Guys need to buy Rudraksha for someone. Searched here in local shops, couldn't find any. So decided to get online. 

As lot of fake shops / rudrakshas are around, suggest me a good, genuine and reliable site. My last option would be ebay.

Thank you


----------



## cute.bandar (May 21, 2011)

Please don't .


----------



## @vi (May 21, 2011)

LOL.

anyone here know any site ?

LOL.

anyone here know any site ?


----------



## tkin (May 22, 2011)

Do you have any temples nearby? Look near those, in kolkata we have doshkarma vanders that keep these.


----------



## @vi (May 22, 2011)

Searched locally already, but could't find any.


----------



## tkin (May 22, 2011)

Wait for a week, my exam gets over at 30th may, I'll get some for you and send them to you then.


----------



## Sarath (May 22, 2011)

I have seen some in Gold jewellery shops. (only time I saw)

Also i think at midnight they spam many channels trying to sell you Rudraksha and some gem stones. Check.


----------



## @vi (May 22, 2011)

@tkin - thanks a lot bro. Thing is I am in search of Rudrakshas of faces 8 and 9, which are quite rare. If they are available then it'd be great !!
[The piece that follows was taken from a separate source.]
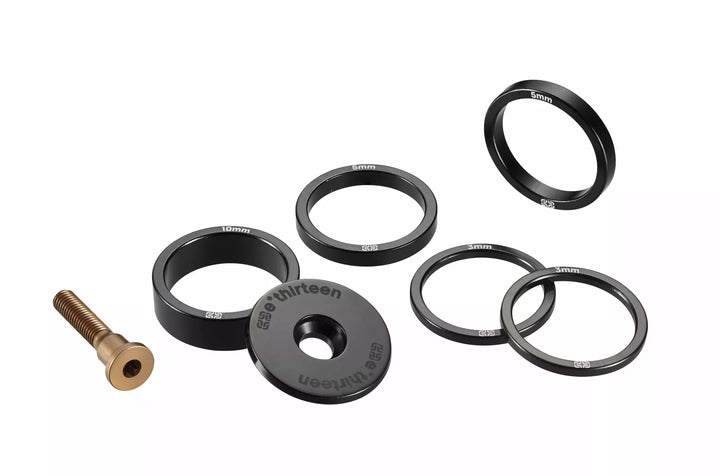 Starten Sie Ihre Fahrt mit E*Thirteen's Top Cap & Headset Spacer Kit! , Reduzieren Sie das Gewicht und fügen Sie einen High-End-Stil hinzu, während Sie Ihr Cockpit fein abtun. , Erleben Sie eine erhöhte Kraft und Leistung mit anodierter Legierungs -Top -Kappe und 7075 Al Bolt. Die leichte Top-Legierungskappe mit niedriger Profile integriert sich perfekt in E*Dreizehn Stängel, ist jedoch auf den meisten Stielen auf dem Markt gleichermaßen zu Hause. , Bolzen werden in Farben brillant anodiert, um E*dreizehn Stielen und andere Komponenten zu entsprechen. , T25 -Hardware bedeutet einzelne Tool -Anpassungen eines Teils Ihrer E*Dreizehn Balken-/Stammbaugruppe. 5 Schwarz Anodized Alloy Headset -Abstandshalter in mehreren Größen ermöglichen die endgültige Flexibilität bei der Anstiegsanpassung. , Größe: 34,8 mm Durchmesser., Gewicht: 33 g/Kit.

@Sarath - Hmm will turn my TV on now, lets see  Searched in local jewelry shops also.


----------



## tkin (May 22, 2011)

@vi said:


> @tkin - thanks a lot bro. Thing is I am in search of Rudrakshas of faces 8 and 9, which are quite rare. If they are available then it'd be great !!
> 
> @Sarath - Hmm will turn my TV on now, lets see  Searched in local jewelry shops also.


Rarest are with 1 face, those are damn pricy. Anyway give me a pm after 30th may.


----------